CLRP

Challenges to ECT

Nearly 70 years after its introduction, ECT (also known as electroshock, electro-convulsive therapy, and shock therapy) is still widely regarded as the most controversial treatment in psychiatry.

Electroshock is a psychiatric procedure involving the induction of a grand mal seizure, or convulsion, by passing electricity through the brain. Proponents call it a safe and highly effective way to address various kinds of mental disorders and certain medical conditions. Opponents and critics say the treatment causes brain damage and memory loss, that it is sometimes administered by means of coercion or outright force and seldom with genuine informed consent, and that it has been used an instrument of social control. Both groups include prominent neurologists and psychologists, as well as individuals who have undergone ECT.

CLRP's role is focused on assuring that there is genuine informed consent including a serious discussion of adverse effects, and alternatives; assisting clients for whom the procedure has been recommended who wish to refuse it or who desire further information on ECT and alternatives; and to see that the rights set forth in the Patients' Bill of Rights concerning informed consent are respected.

The National Institutes of Health has characterized ECT as the "most controversial" psychiatric treatment, and a government report issued by the National Council on Disability described it as being "unproven and inherently inhumane." (The complaint heard most often from recipients of the treatment relates to lasting memory loss, an effect that consent forms under-emphasize.) As legal advocates, we are concerned about the accuracy of information imparted to clients, and the right of clients to decline a highly invasive procedure without fear that well-intentioned government officials will override their decision.

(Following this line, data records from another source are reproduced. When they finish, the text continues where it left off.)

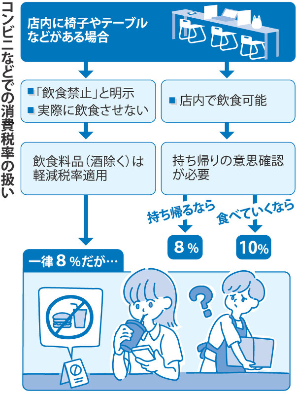 日本部份大型便利店內,設置休息的空間,讓客人在店內吃便當和小食。不過,當增稅政策實施行,便利店就有點尷尬了。如果客人在店內享用商品,店員就要收取10%消費稅;如果客人離開商店才享用,店員就要收取8%消費稅。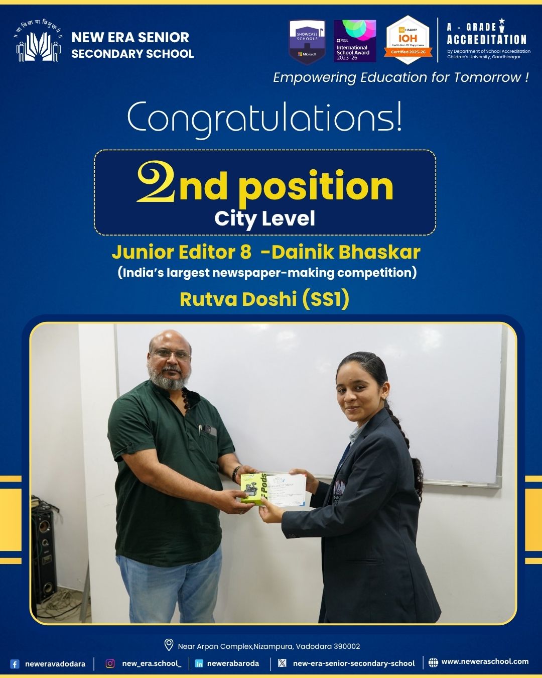 NEW ERA SCHOOL BECOMES THE FIRST SCHOOL IN GUJARAT TO BE ACCREDITED WITH AN “A” GRADE...Read More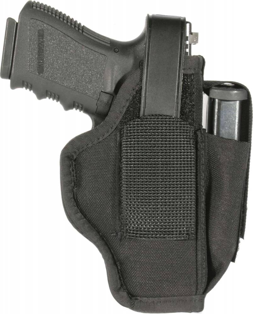 This ambidextrous holster lets you choose how you want to use it on a daily basis. Wear it as a belt holster, on either right or left side, through the unique injection molded belt loops that also act as a cover for the reversible retention strap and thumb break. You can also wear it as an inside-the-pants holster with the spring steel removable clip that secures it to your waistband. Extra strength injection molded belt loops will accept belts up to 1.75" when wearing it in the traditional vertical position. Fits dress belts up to 1.5" when worn horizontally as a middle of the back holster. Adjustable pouch mounted to the front of the holster lets you keep a spare magazine or illumination tool with the gun.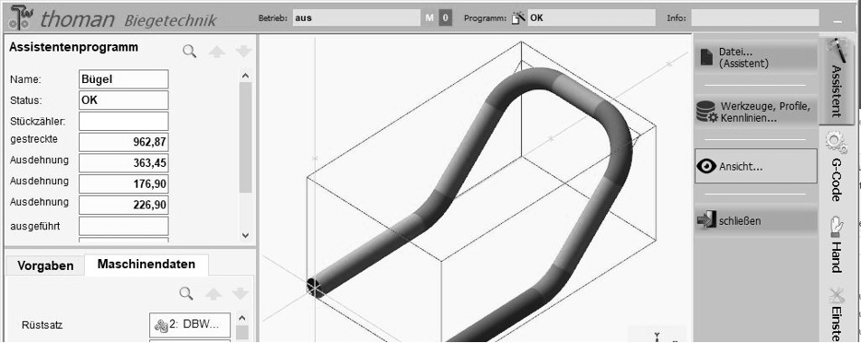 Ein wesentlicher Bestandteil der Steuerungssoftware für Rohrbiegemaschinen ist der 3D- Assistent. Der 3D –Assistent von Thoman ermöglicht eine besonders einfache und komfortable Eingabe der Biegekontur.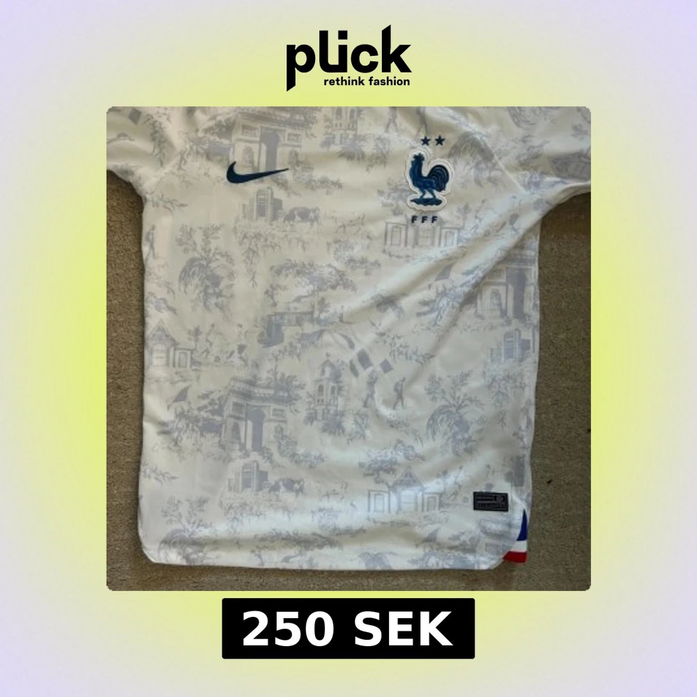 Säljer en officiell Frankrike fotbollströja från Nike i vitt med ljusgrått mönster av franska landmärken och motiv. Broderad tupp-logga och två stjärnor på bröstet, blå Nike-swoosh och trikolor-detalj i nederkant. Tillverkad i lätt och ventilerande material.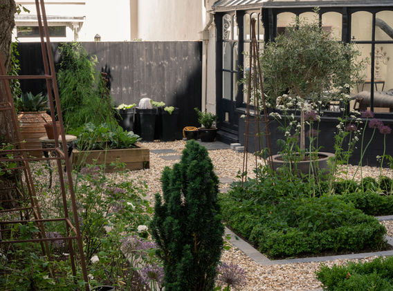 Dominated by a large chestnut tree this previously uninspiring garden was transformed with a smart new entrance and courtyard flowing into a garden designed to be viewed from the conservatory. Pleached hornbeam was used for privacy and to give structure to the garden whilst box lined beds overflowing with loose and relaxed planting gives seasonal interest.

There are serious concerns relating to informed consent and the accuracy of information provided clients and others about electroshock (also referred to as electro-convulsive therapy or ECT). Electroshock devices are classified by the FDA as Class III ("pre-market approval") medical devices - the most stringent regulatory category for medical devices. They were placed in this category because of their potential to cause unreasonable risk of illness or injury. These devices can be marketed under current regulations only because they have been "grandfathered" by virtue of being marketed prior to 1976, when the medical device classification and regulation system was put into place. The manufacturers of these devices have yet to submit required evidence that the pre-market approval process mandates for all devices introduced after 1976 (pre-market approval is a process of scientific and regulatory review to ensure the safety and effectiveness of class III devices). Until such studies are conducted, there is insufficient scientific evidence that any electroshock devices - old or new - are safe, as claimed (despite impressive public relations and marketing by proponents of the procedure).

Given this background, and CLRP’s mandate to support clients’ right of self-determination, any ECT performed over a client’s stated objection is of particular concern.

Section 17a-543(c) of the Connecticut General Statutes provides:

"No psychosurgery or shock therapy shall be administered to any patient without the patient's written informed consent, except as provided in this subsection. Such consent shall be for a maximum period of thirty days and may be revoked at any time. If it is determined by the head of the hospital and two qualified physicians that the patient has become incapable of giving informed consent, shock therapy may be administered upon order of the Probate Court if, after hearing, such court finds that the patient is incapable of informed consent and there is no other, less intrusive beneficial treatment. An order of the Probate Court authorizing the administration of shock therapy pursuant to this subsection shall be effective for not more than forty-five days."

The position of the World Health Organization is that "ECT should be administered only after obtaining informed consent. Modified ECT should be utilized. Legislation should prohibit the use of ECT on minors."